Dr. Teitelbaum argues that even a small loss of pulmonary function may, in fact, be meaningful—“dismissing it would be like saying a small heart attack is irrelevant for most people”—and that doctors should screen for and precisely analyze any potential changes by performing pulmonary function tests before and after rib remodeling to see how patients’ lungs fare. “These things need to be known,” he says. Presently, however, such testing isn’t standard practice.
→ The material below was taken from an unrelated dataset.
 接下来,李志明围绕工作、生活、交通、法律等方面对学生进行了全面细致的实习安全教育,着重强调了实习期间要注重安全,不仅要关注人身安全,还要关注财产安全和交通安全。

None of the surgeons I spoke to who perform rib remodeling do these before-and-after pulmonary tests, maintaining that they’re unwarranted.

Overall, data is lacking. “Rib remodeling hasn’t been around that long, so there are few studies even looking at the techniques and results, let alone pulmonary function and the dynamics of breathing as it relates to the changes these operations make,” says Dr. Rubinstein. I did find one study from 2024 detailing a remodeling treatment for “winged ribs” (a medical condition where the ribs visibly and palpably protrude from the chest). Surgeons reduced the ribs from the front of the body (versus the lower back, as is customary) and conducted pulmonary tests on patients pre- and post-op. They recorded no significant changes in lung function six months after surgery. (With the approach for winged ribs, surgeons are working in “much closer proximity to the lungs” than they are during traditional rib remodeling,” Dr. Hadeed says.)

While Dr. Rubinstein has concerns about rib remodeling, he doesn’t dismiss the procedure out of hand. “I think there’s a role for almost everything in the right circumstances—if the patient can be well informed of the risks and if the procedure can be done with a high enough level of safety and satisfaction,” he says. Looking ahead, he adds, “there may come a time in the not-so-distant future when this is just another procedure that we do.” The BBL seemed exotic 20 years ago, he reminds me, but today it’s performed routinely in ORs across the country.

Dr. Teitelbaum thinks the emergence of rib remodeling raises “an interesting moral question—should plastic surgeons do whatever a patient wants, however ludicrous? Is this any different than giant breast implants or overinflated lips?”

But then there’s this question: Who defines “ludicrous”?

For now, says Dr. Rubinstein, “I’m sitting back and waiting to see how rib remodeling pans out before I start offering it to my patients. I am one who thinks it’s a long run for a short slide.”